Saved data entries
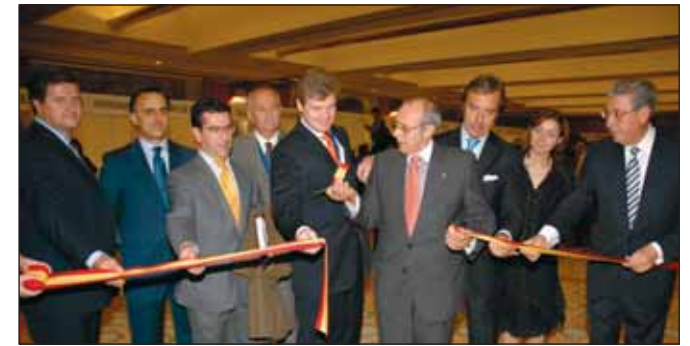
Momento de la inauguración del IV Salón NexoBusiness 2006.

El encuentro sirvió para múltiples contactos comerciales de final de temporada turística y para conocer diversas novedades y mejoras en el servicio de varios proveedores laborales.
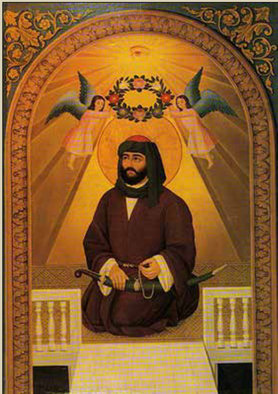
تصویر ۷: هاکوپ هوناتانیا، صورت حضرت علی بن ابی طالب (ع).

هاکوپ هوناتانیا [Hakob Hovnatanyan] (زاده ۱۸۰۹، تفلیس - درگذشته ۱۸۸۱، تهران)، ملقب به «رافائل تفلیس». از او به عنوان بنیان‌گذار مکتب مدرن هنر نقاشی ارمنی و از استادان نگارگری، چهره‌پردازی یاد می‌کنند.
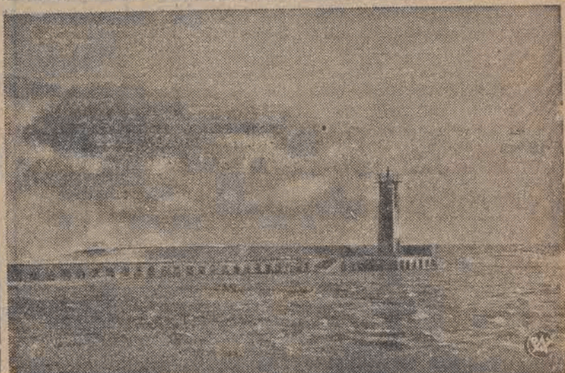
Na zdjęciu — latarnia morska i wejście do portu w nowo-wybudowanym porcie rybackim w Wielkiej Wsi Hallerowo.

W latach 1930—1936 liczba ta nieco spadła i utrzymała się mniej więcej koło 910—960 par bliźniąt i 10 do 14 trójek trojaczek.
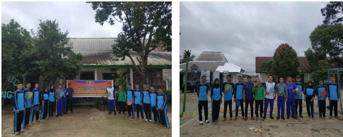
Gambar 1. Tim Melaksanakan PkM

Kegiatan PKM dibuat secara beruntun mulai perencanaan (pengajuan proposal), pelaksanaan PKM ini diadakan pada hari sabtu tanggal 21 Desember 2024 yang berlangsung selama 1 hari dengan kegiatan pukul 08:00 sampai. penyusunan laporan PKM memberikan rincian kegiatan dan jadwal pelaksanaan kegiatan tersebut.
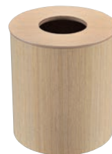
⑥ホワイトオーク ダストボックス 蓋付 ㊦

外寸:385×220×H490 材質:スチールクロームメッキ 折りたたみ式、タオル6枚掛
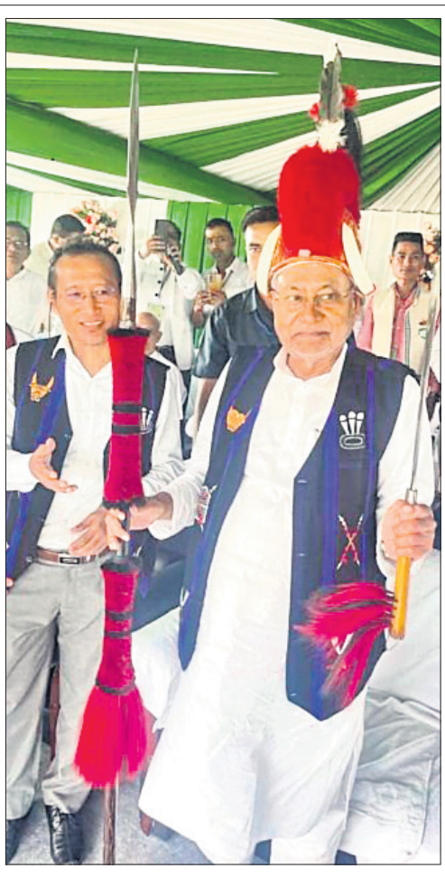
ନାଗାଲାଣ୍ଡ ଜେଡିସି ପକ୍ଷରୁ ଡିମାପୁରଠାରେ ମଙ୍ଗଳାକାର ଲୋକନାୟକ କରପ୍ରକାଶ ନାରାୟଣଙ୍କ କର୍ମଶ୍ରୀ ଉଦ୍‌ଘାଟନ...

## Task instructions
Work through the data and report how many of its lines hold the word "هوناتانیا", giving only the figure.

## Response to this exercise
2